=== Brief ===
Once you find the line with "Nem tayin cihazları, un, et, yağ, çikolata, süt" in the entries below, print it and each line after it up to and including the line with "Dri-FIT moisture management", exactly, without pictures.

=== Available data ===
-.-.-

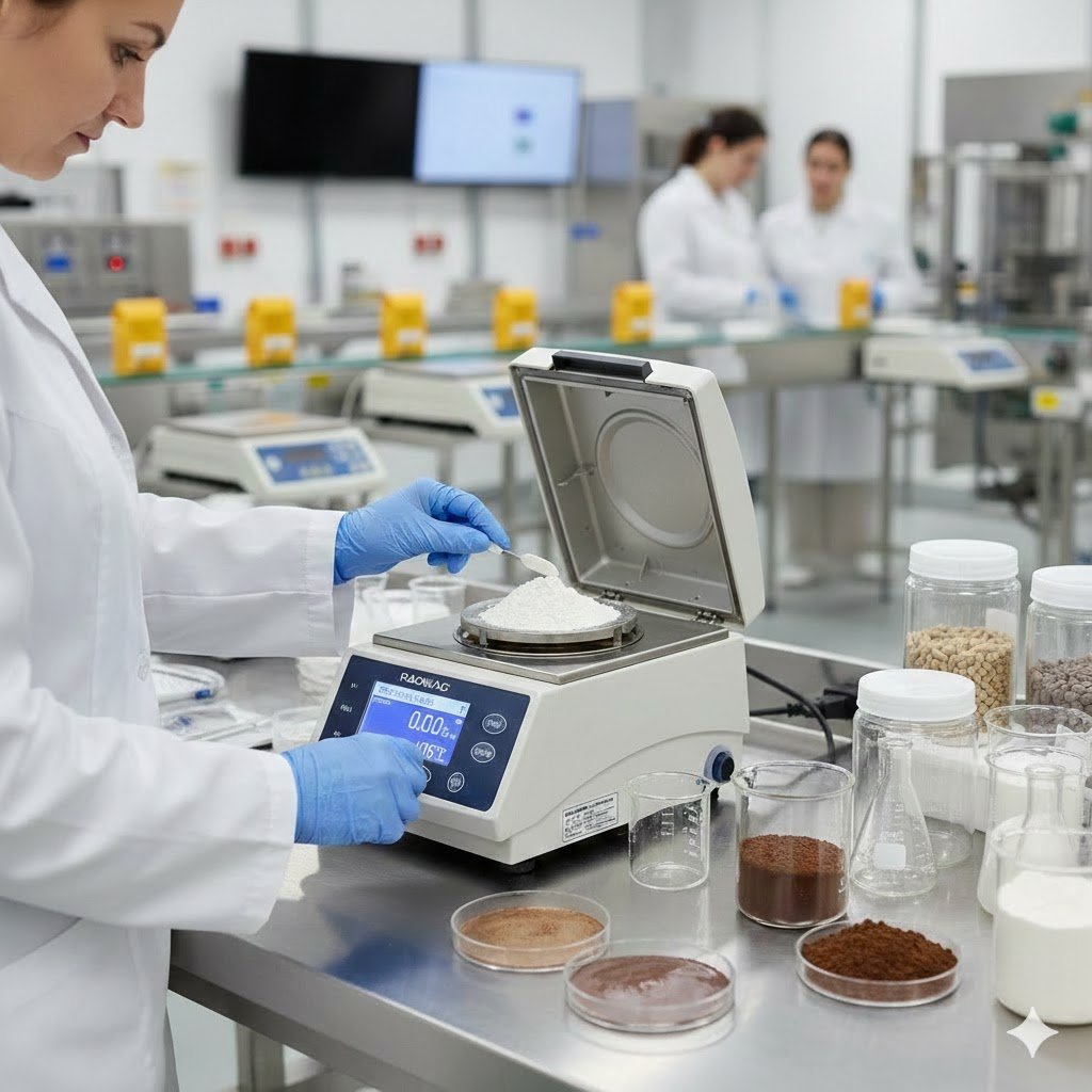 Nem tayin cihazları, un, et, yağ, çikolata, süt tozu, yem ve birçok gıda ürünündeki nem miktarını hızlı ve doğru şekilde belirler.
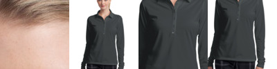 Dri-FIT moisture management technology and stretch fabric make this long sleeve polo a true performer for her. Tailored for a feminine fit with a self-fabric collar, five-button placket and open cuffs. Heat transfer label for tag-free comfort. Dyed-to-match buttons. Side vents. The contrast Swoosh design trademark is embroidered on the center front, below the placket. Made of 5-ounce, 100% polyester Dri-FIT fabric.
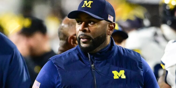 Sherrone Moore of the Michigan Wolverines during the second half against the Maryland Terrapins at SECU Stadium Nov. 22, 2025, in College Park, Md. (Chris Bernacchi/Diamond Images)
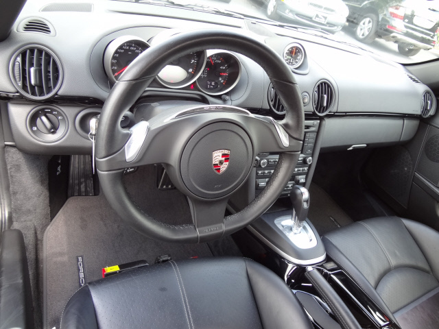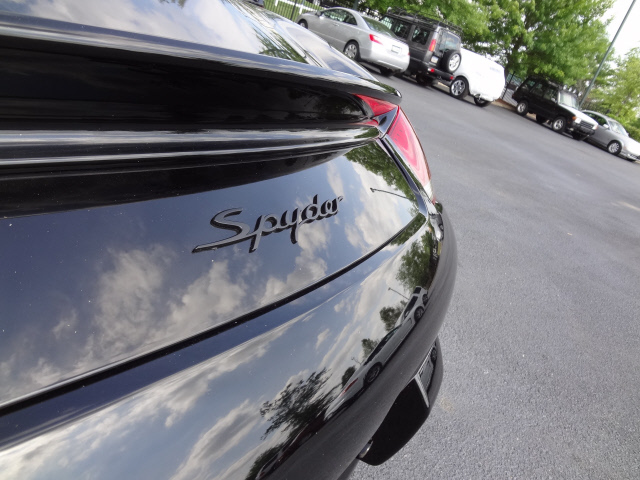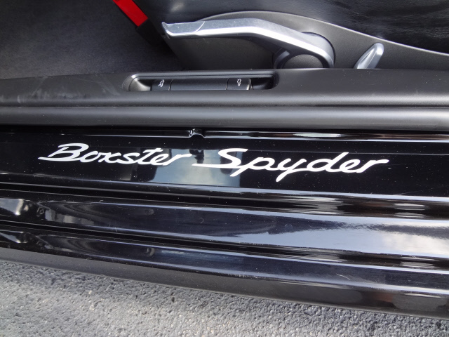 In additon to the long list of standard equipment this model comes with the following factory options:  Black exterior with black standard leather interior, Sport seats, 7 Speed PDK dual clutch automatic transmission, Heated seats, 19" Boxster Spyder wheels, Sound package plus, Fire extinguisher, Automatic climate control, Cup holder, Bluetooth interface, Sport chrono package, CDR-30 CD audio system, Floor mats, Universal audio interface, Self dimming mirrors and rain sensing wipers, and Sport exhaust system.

-.-.-

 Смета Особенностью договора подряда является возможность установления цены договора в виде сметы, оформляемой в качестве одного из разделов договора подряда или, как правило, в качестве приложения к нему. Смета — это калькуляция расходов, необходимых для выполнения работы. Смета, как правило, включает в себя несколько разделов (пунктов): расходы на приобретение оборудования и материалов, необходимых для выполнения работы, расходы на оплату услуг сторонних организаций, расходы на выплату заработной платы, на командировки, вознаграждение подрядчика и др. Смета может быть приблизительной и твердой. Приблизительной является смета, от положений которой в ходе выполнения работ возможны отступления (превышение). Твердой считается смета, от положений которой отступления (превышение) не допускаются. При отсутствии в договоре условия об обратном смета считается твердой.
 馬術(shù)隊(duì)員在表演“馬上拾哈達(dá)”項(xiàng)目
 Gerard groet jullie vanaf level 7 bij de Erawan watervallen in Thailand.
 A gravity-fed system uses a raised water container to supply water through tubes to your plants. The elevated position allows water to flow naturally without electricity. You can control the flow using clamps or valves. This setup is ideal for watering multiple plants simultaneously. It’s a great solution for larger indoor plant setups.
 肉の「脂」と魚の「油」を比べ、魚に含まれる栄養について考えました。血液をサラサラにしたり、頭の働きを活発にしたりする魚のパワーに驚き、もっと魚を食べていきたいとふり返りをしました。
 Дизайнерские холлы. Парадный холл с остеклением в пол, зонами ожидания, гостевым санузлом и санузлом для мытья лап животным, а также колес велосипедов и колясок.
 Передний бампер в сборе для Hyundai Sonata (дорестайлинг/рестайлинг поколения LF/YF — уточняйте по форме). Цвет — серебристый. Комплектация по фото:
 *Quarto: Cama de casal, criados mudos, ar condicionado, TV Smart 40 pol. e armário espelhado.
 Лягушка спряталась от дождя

-.-.-

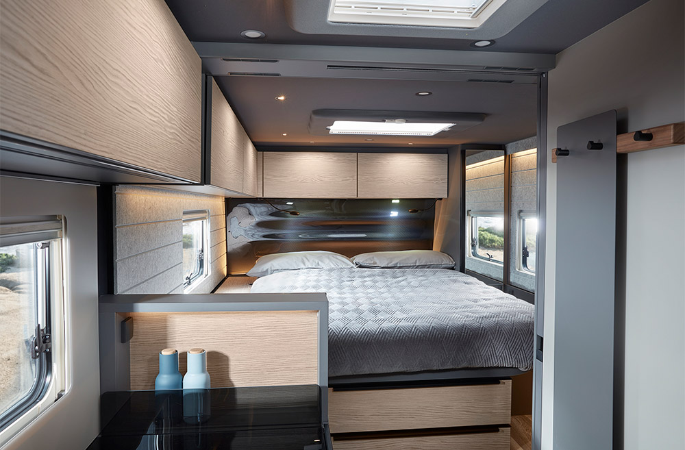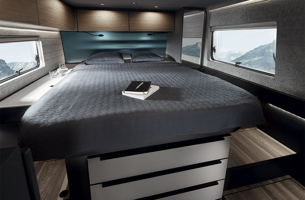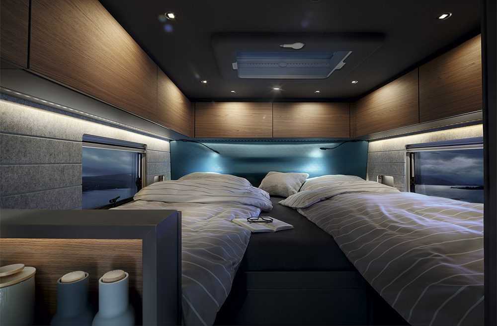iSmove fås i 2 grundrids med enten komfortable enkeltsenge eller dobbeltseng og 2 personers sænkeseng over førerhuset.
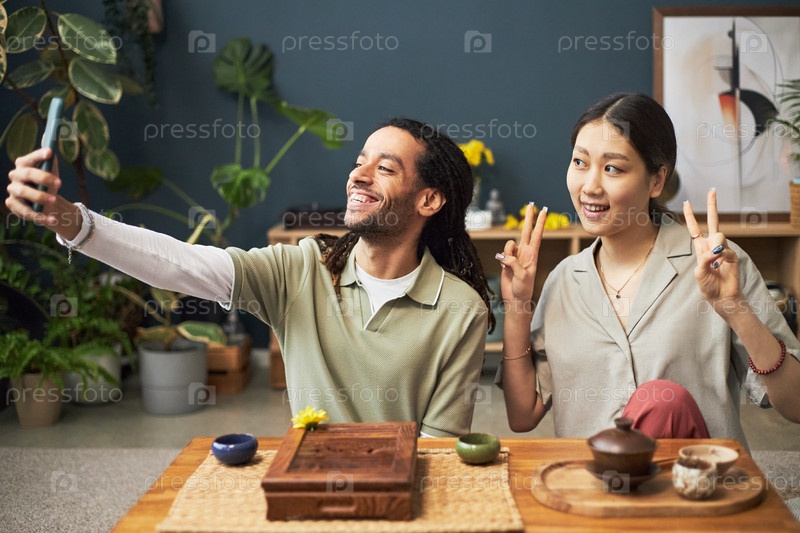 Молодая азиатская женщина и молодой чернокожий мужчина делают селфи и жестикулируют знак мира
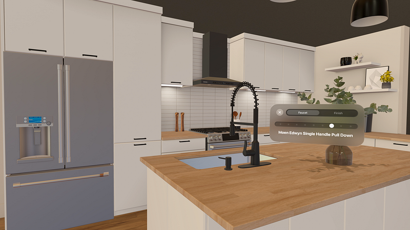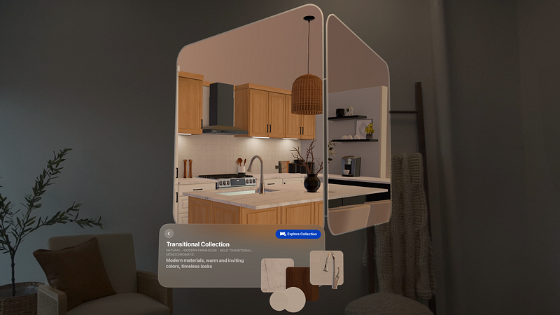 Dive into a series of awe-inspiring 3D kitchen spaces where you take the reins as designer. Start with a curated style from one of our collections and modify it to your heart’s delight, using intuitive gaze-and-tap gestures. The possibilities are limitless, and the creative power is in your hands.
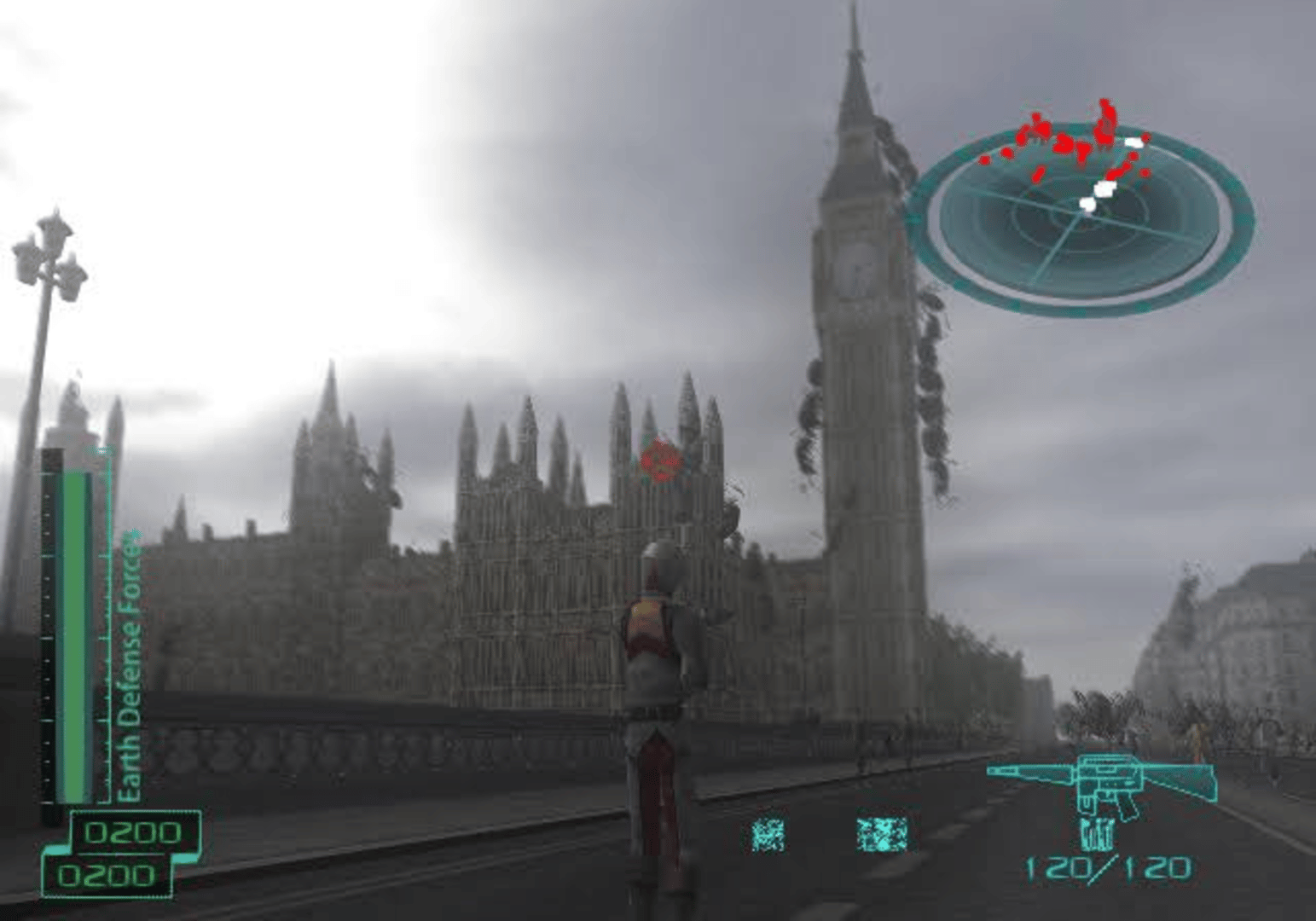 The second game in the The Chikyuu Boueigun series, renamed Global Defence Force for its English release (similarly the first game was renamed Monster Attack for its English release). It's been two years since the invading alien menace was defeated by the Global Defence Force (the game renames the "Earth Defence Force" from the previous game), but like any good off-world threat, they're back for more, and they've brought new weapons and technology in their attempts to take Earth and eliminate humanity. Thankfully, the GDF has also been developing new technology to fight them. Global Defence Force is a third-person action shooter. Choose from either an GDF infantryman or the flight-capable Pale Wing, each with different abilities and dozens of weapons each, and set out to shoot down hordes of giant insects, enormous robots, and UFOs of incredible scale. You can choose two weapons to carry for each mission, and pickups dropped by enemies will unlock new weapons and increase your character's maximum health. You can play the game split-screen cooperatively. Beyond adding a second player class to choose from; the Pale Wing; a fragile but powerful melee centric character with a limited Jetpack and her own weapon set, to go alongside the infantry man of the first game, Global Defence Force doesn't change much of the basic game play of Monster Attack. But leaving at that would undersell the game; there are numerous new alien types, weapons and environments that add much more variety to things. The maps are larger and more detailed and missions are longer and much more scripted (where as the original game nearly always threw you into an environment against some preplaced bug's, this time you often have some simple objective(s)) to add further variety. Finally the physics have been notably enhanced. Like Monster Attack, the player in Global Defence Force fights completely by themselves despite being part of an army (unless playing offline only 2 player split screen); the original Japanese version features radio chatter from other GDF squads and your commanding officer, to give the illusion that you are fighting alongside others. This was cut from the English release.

-.-.-

=== Written reply ===
 Nem tayin cihazları, un, et, yağ, çikolata, süt tozu, yem ve birçok gıda ürünündeki nem miktarını hızlı ve doğru şekilde belirler.
 Dri-FIT moisture management technology and stretch fabric make this long sleeve polo a true performer for her. Tailored for a feminine fit with a self-fabric collar, five-button placket and open cuffs. Heat transfer label for tag-free comfort. Dyed-to-match buttons. Side vents. The contrast Swoosh design trademark is embroidered on the center front, below the placket. Made of 5-ounce, 100% polyester Dri-FIT fabric.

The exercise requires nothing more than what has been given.